• PROBLEM REQUIREMENTS: Every line below should come back exactly as written, though the pictures stay out.

• SOURCE DATA:
--- --- ---
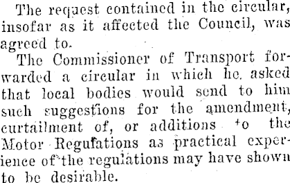 The request contained in the circular, insofar as it affected the Council, was agreed to. The Commissioner of Transport forwarded a circular in which lie. asked that local bodies would send to him such suggestions for the amendment, curtailment of, or additions + o the Motor ■ Regulations as practical experience of tlie regulations may have shown to be desirable.
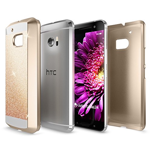 NALIA Custodia compatibile con HTC 10, Glitter Hard-Case Protezione Sottile Smartphone Cover Protettiva Telefono Cellulare, Ultra-Slim Copertura Rigida Bling Bumper Scintillio, Colore:Gold Oro
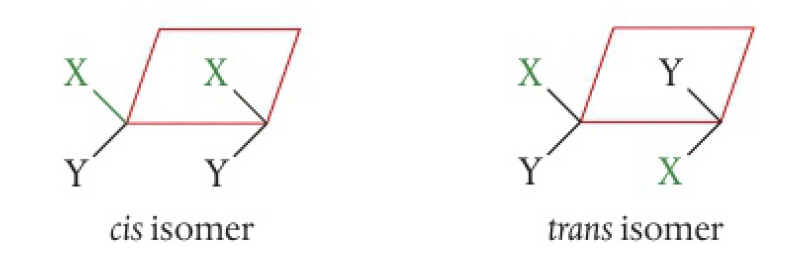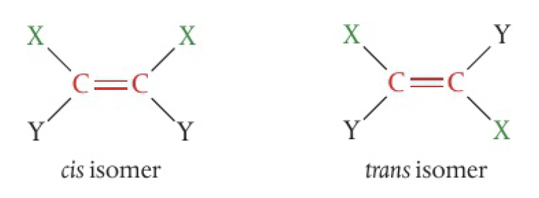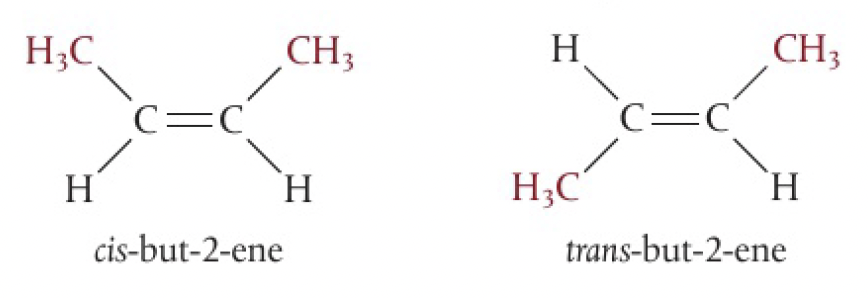when the molecule contains two or more different groups attached to the double bonded carbons, they can be arranged to give two isomers. the simplest, involving 2 different substituents, form cis and trans isomers. the prefixes are given in italics before the name
--- --- ---
• TASK RESULT:
 The request contained in the circular, insofar as it affected the Council, was agreed to. The Commissioner of Transport forwarded a circular in which lie. asked that local bodies would send to him such suggestions for the amendment, curtailment of, or additions + o the Motor ■ Regulations as practical experience of tlie regulations may have shown to be desirable.
 NALIA Custodia compatibile con HTC 10, Glitter Hard-Case Protezione Sottile Smartphone Cover Protettiva Telefono Cellulare, Ultra-Slim Copertura Rigida Bling Bumper Scintillio, Colore:Gold Oro
when the molecule contains two or more different groups attached to the double bonded carbons, they can be arranged to give two isomers. the simplest, involving 2 different substituents, form cis and trans isomers. the prefixes are given in italics before the name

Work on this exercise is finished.